Experimental Approach to the Problem

Previous studies have highlighted the importance of reactive agility. However, to the best of our knowledge, there is no study presenting testing protocols that would be useful in defining reactive agility in sports that involve repeated reactive “stop'n'go” directional changes (i.e., soccer, basketball, handball, and tennis). In this study, both within-subject and between-subject experimental designs were used to determine the reliability and the validity of the newly constructed “stop'n'go” reactive-agility test (SNG-RAT).

The experimental approach consisted of several phases. In the first phase, the test of nonreactive agility (i.e., CODS) and the complementary test of reactive agility were theoretically designed through consultations with renowned strength and conditioning experts from different sports (basketball, handball, and tennis), including consultations of professionals involved in the training of several national teams. After a consensus was reached about the test design, the approximate time frame and the most appropriate movement scenarios, the technical construction of the testing equipment commenced (i.e., the second phase of the investigation). We assembled and constructed digital equipment for the detection and recording of multiple time points throughout the tests. We constructed a novel hardware device system based on the ATMEL microcontroller (model AT89C51RE2; ATMEL Corp., San Jose, CA) as the core of the system. The photoelectric infrared sensor (E18-D80NK) was used as an external time-triggering input, and light-emitting-diode (LED) illuminations were used as controlled outputs. The photoelectric infrared sensor has been shown to be as reliable as high-speed sensors, with a response time of <2 milliseconds (>500 Hz) and a digital output signal. The detection distance of the sensor was from 3 to 80 cm, and was capable of detecting transparent or opaque objects. Because it has a digital output (high-low state) with an NPN transistor open collector, the sensor is connected through a microcontroller input-output port. For the purposes of our study, this device was connected to a laptop that worked on a Linux operating system (OS), although a MAC platform or other operating systems (e.g., Windows and Mac OS) would also be suitable. Measurement is more precisely explained later in the text. The third phase of the experiment included testing and reliability analysis for the newly constructed tests. The fourth phase involved validity analysis, through comparison of the characteristic groups of athletes (those involved in agility-saturated sports vs. noninvolved in agility-saturated sports).

Subjects

College-aged athletes of both genders (N = 66), all 18–24 years old, were recruited for this study. The testing was performed as a part of the initial screening at the beginning of their respective competitive seasons. All subjects were in good health, based on an initial medical screening. In total, 3 participants had suffered recent musculoskeletal disorders (i.e., injury or prevalent pain) and were, therefore, not included in the study.

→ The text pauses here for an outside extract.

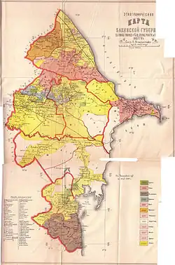 Ludność, według spisu powszechnego 1897 – 826 716 osób – Azerów (58,7%), Tatów (10,8%), Rosjan (8,9%), Ormian (6,3%), Lezginów (5,8%), Tałyszów (4,2%), Laków (1,4%), Niemców, Persów, Żydów i Awarów kaukaskich.

The participants were required to answer a questionnaire that was designed to assess the type of sport in which they were engaged. Additionally, their answers were checked by the university staff. If participants played in sports where running was not a regular part of the sports training and competition (e.g., rowing, swimming, synchronized swimming, water polo, and sailing), they were not included in this study (n = 6). As a result, a total of 36 college-aged male athletes (age 22.1 ± 2.4 years) and 21 college-aged female athletes (age 21.4 ± 2.5 years) participated. For the purposes of this study, the participants were additionally divided into 2 groups: those involved in agility-saturated sports ([AG]; soccer, basketball, handball, and volleyball; 11 women and 21 men) and those not involved in agility-saturated sports (nonagility sports [NAG]; gymnastics, track and field, and sport dance; 10 women and 15 men).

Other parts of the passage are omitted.